This study builds on the methods of the calculation of VWC for livestock and crop production by Chapagain and Hoekstra (2003) and Hoekstra and Hung (2005) and applies a few adaptations to the case study area and the calculation methods.

Other than by Hoekstra and Hung (2005), where 37 crop types and 5 years were used, this study considers 18 out of 51 crop types and the time frame contains 25 years.
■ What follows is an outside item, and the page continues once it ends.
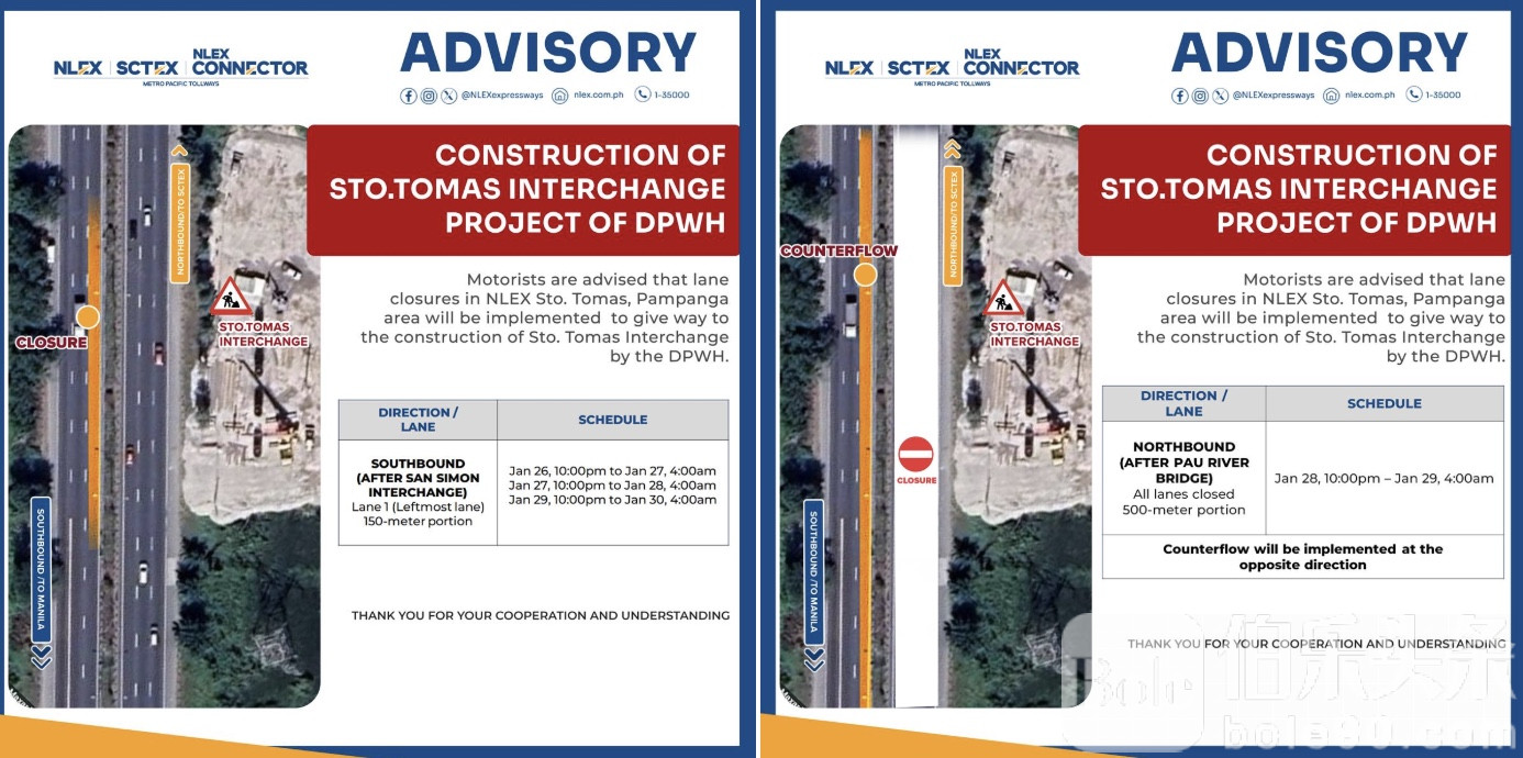 伯乐头条专讯:菲律宾北吕宋高速公路(NLEX)公司1月24日发布通告称,配合公共工程与公路部(DPWH)在邦板牙省推进的Sto. Tomas立交项目建设,NLEX部分路段将在指定时段实施临时封闭。相关措施主要安排在深夜至清晨,目的很明确——尽量减少对白天通行的影响,但司机朋友仍需提前做好心理准备。

In the livestock calculations by Chapagain and Hoekstra (2003), the water content for forage is set at the global average of 445 m³/ton. This value is replaced with specific water content values for each individual country. The feed composition for grazing animal types are replaced with a diet composition closer related to one used in developing countries. The water used for mixing the feed for grazing animals, as it is used in the original literature, is removed. In Chapagain and Hoekstra (2003), the earliest growth stage for all animals do not receive numerical values on their feeding content. The virtual water content of feed per animal is thus calculated by dividing the virtual water content in feed in the adult stage by the amount of growth stages to get the average VWC for all growth stages. In this study, the virtual water content in feed is calculated for all growth stages.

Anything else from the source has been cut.